Optimal Server Allocation for Flexible Multi-Server Jobs with Concave Speed-up

Organiser:
Sandeep K Juneja
Date:
Monday, 5 Feb 2024, 11:30 to 12:30
Venue:
A-201 (STCS Seminar Room)
Category:
Abstract
The majority of jobs submitted to modern computing clusters and data centres are capable of running on a flexible number of computing cores or servers. We refer to such jobs as flexible multi-server jobs.  Although allocating more servers to a job results in a higher speed-up in the job's execution, it reduces the number of servers available to future jobs. Furthermore, the speed-up obtained by a job is typically a concave, increasing function of the number of servers allocated to it. So a natural question in this setting is: how to optimally allocate servers to jobs such that average time a job spends in the system is minimised? This is the key question that we shall address in this talk by modelling the system as a loss system where jobs not finding any servers available upon entry are blocked. We shall discuss server allocation schemes which result in the minimum average sojourn time of accepted jobs while ensuring that the blocking probability of jobs vanishes as the system becomes large (i.e., all jobs are accepted in the limiting system). We shall consider settings with both linear and sub-linear speed-up functions. We shall also consider settings where the jobs have limited and full system access.
The talk will be based on joint works with Samira Ghanbarian (uWaterloo), Ravi R. Mazumdar (uWaterloo), and Fabrice Guillemin (Orange Labs, France).
 
Short Bio:
Dr.
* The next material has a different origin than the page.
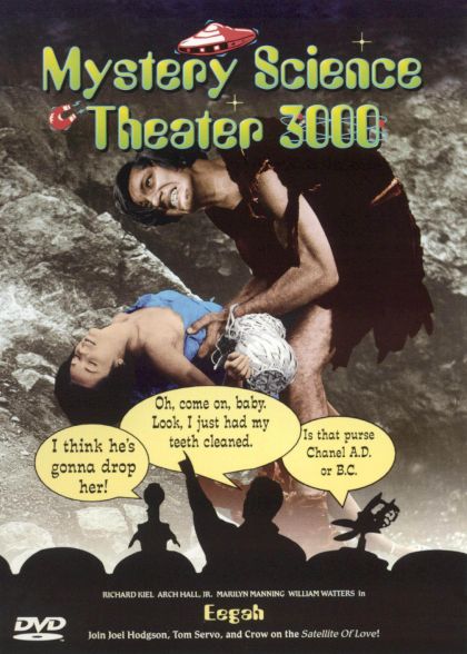 Watching Dr. Forrester replace Frank's blood with antifreeze is a lost less painful than sitting through Eegah. Richard Kiel stars in the title role as a cavemen wandering Palm Springs looking for grub and girls. When he finds beautiful Roxy, it seems every other minute he's hoisting her over his shoulder, to which Joel Hodgson comments, "She gets picked up so much she ought to have a handle." The film's hero, played by dough-faced Arch Hall, Jr., quickly becomes the butt of Joel, Crow, and especially Tom Servo's jokes, with such remarks as, "He looks like a Cabbage Patch Elvis." Even better than their wisecracking is our buddies skits, which include taking Crow's body temperature down to absolute zero and a horrifying experiment in which Joel's face is manipulated to resemble Arch Hall, Jr.'s.

Arpan Mukhopadhyay is currently an Assistant Professor in the Department of Computer Science at the University of Warwick, U.K. His research interests include applied probability, performance analysis of computer and communication networks, and distributed network algorithms. He has received Best Paper Awards at IFIP Performance 2015 and the International Teletraffic Congress (ITC) 2015. He was also awarded the Rising Scholar Award at the International Teletraffic Congress 2018 for his contributions to mean-field analysis of large heterogeneous networks.